§ **WHAT THE TASK REQUIRES**: Copy every entry below exactly as it appears, leaving out the images.

++++++

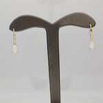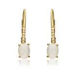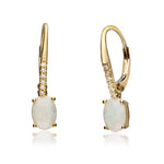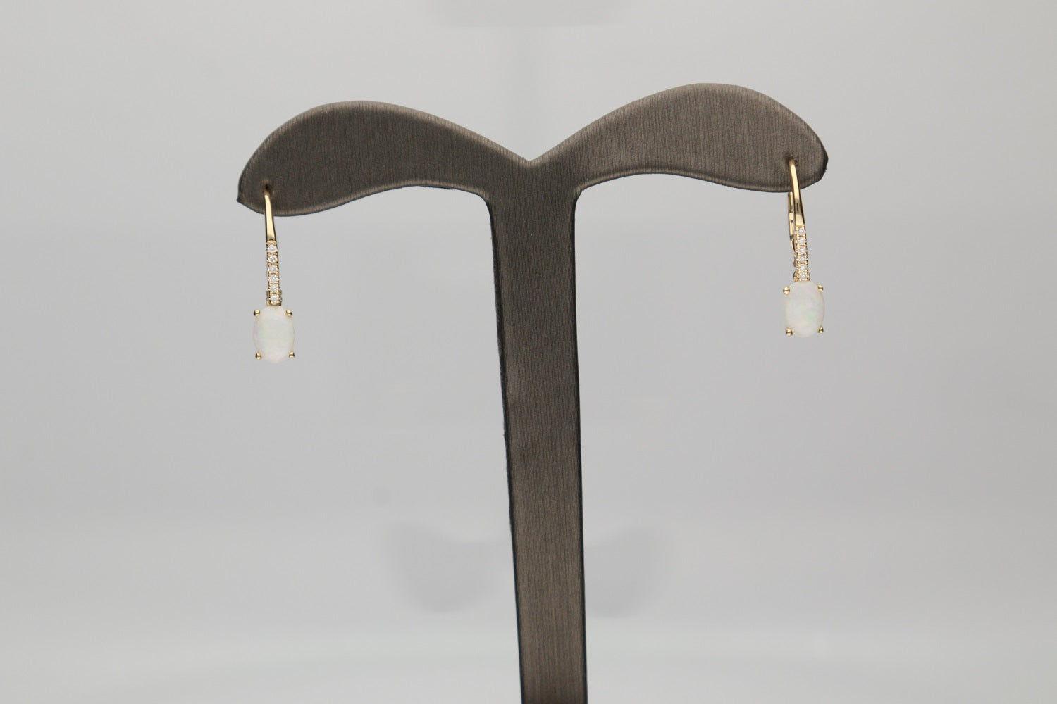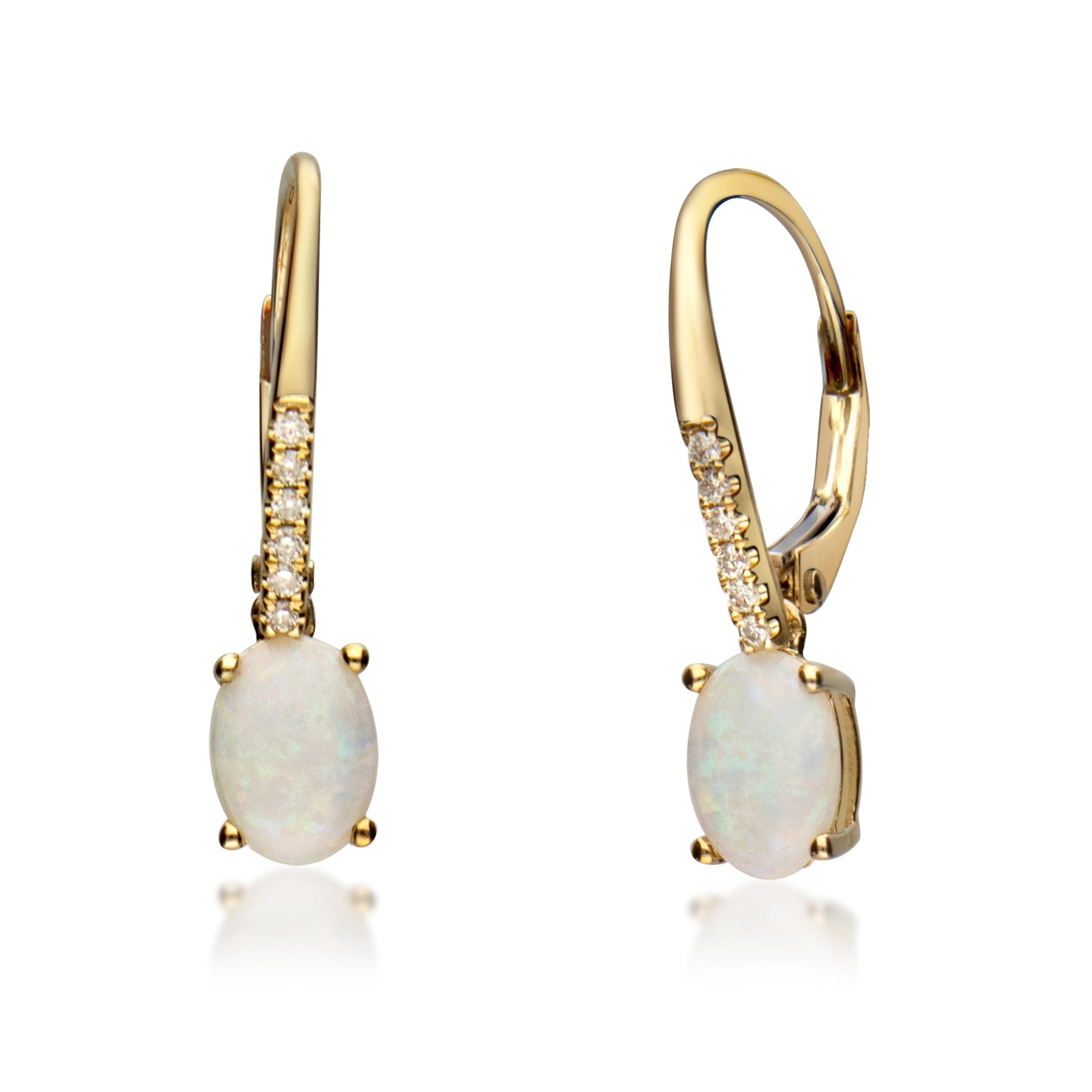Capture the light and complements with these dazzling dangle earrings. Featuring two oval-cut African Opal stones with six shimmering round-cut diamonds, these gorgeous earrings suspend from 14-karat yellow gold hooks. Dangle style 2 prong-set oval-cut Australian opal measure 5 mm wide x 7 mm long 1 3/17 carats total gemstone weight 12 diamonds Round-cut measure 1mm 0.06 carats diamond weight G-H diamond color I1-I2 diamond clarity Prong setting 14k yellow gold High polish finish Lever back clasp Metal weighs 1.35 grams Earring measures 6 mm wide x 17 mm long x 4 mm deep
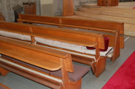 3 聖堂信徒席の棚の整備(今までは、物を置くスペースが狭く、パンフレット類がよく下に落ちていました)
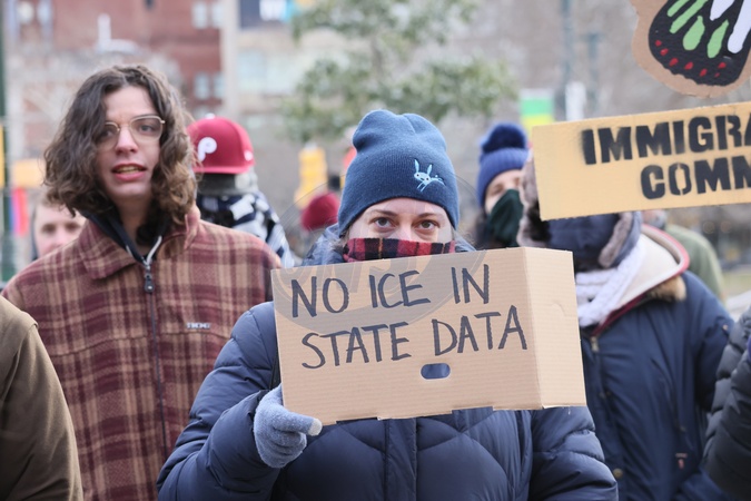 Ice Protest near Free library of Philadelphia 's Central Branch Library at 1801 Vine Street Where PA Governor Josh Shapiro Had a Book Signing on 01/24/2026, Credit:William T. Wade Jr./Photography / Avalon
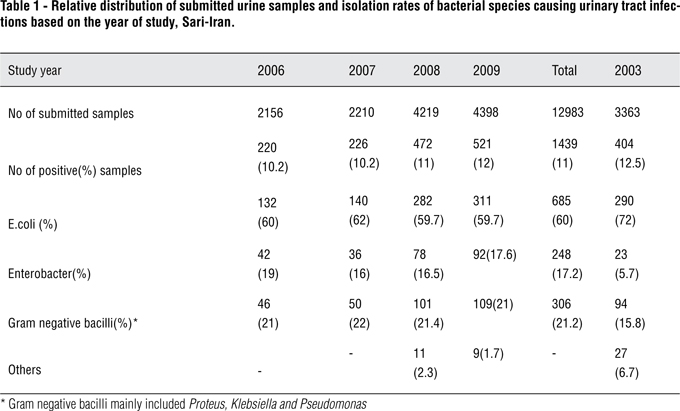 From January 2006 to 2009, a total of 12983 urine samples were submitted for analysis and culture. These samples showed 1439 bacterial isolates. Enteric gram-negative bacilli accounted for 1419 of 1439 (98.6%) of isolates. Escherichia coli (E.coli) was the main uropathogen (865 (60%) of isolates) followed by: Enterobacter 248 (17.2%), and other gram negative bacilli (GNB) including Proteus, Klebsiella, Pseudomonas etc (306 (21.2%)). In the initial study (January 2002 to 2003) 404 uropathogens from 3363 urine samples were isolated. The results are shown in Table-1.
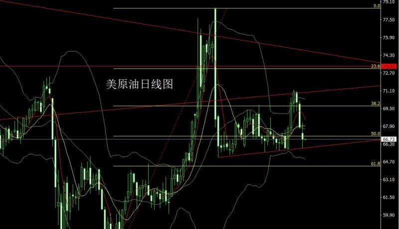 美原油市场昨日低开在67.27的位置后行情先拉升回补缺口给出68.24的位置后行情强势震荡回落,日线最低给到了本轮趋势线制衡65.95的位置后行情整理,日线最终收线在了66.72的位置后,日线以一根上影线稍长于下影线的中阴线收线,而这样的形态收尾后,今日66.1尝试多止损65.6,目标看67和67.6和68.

++++++

§ **ANSWER TO THE PROBLEM**:
Capture the light and complements with these dazzling dangle earrings. Featuring two oval-cut African Opal stones with six shimmering round-cut diamonds, these gorgeous earrings suspend from 14-karat yellow gold hooks. Dangle style 2 prong-set oval-cut Australian opal measure 5 mm wide x 7 mm long 1 3/17 carats total gemstone weight 12 diamonds Round-cut measure 1mm 0.06 carats diamond weight G-H diamond color I1-I2 diamond clarity Prong setting 14k yellow gold High polish finish Lever back clasp Metal weighs 1.35 grams Earring measures 6 mm wide x 17 mm long x 4 mm deep
 3 聖堂信徒席の棚の整備(今までは、物を置くスペースが狭く、パンフレット類がよく下に落ちていました)
 Ice Protest near Free library of Philadelphia 's Central Branch Library at 1801 Vine Street Where PA Governor Josh Shapiro Had a Book Signing on 01/24/2026, Credit:William T. Wade Jr./Photography / Avalon
 From January 2006 to 2009, a total of 12983 urine samples were submitted for analysis and culture. These samples showed 1439 bacterial isolates. Enteric gram-negative bacilli accounted for 1419 of 1439 (98.6%) of isolates. Escherichia coli (E.coli) was the main uropathogen (865 (60%) of isolates) followed by: Enterobacter 248 (17.2%), and other gram negative bacilli (GNB) including Proteus, Klebsiella, Pseudomonas etc (306 (21.2%)). In the initial study (January 2002 to 2003) 404 uropathogens from 3363 urine samples were isolated. The results are shown in Table-1.
 美原油市场昨日低开在67.27的位置后行情先拉升回补缺口给出68.24的位置后行情强势震荡回落,日线最低给到了本轮趋势线制衡65.95的位置后行情整理,日线最终收线在了66.72的位置后,日线以一根上影线稍长于下影线的中阴线收线,而这样的形态收尾后,今日66.1尝试多止损65.6,目标看67和67.6和68.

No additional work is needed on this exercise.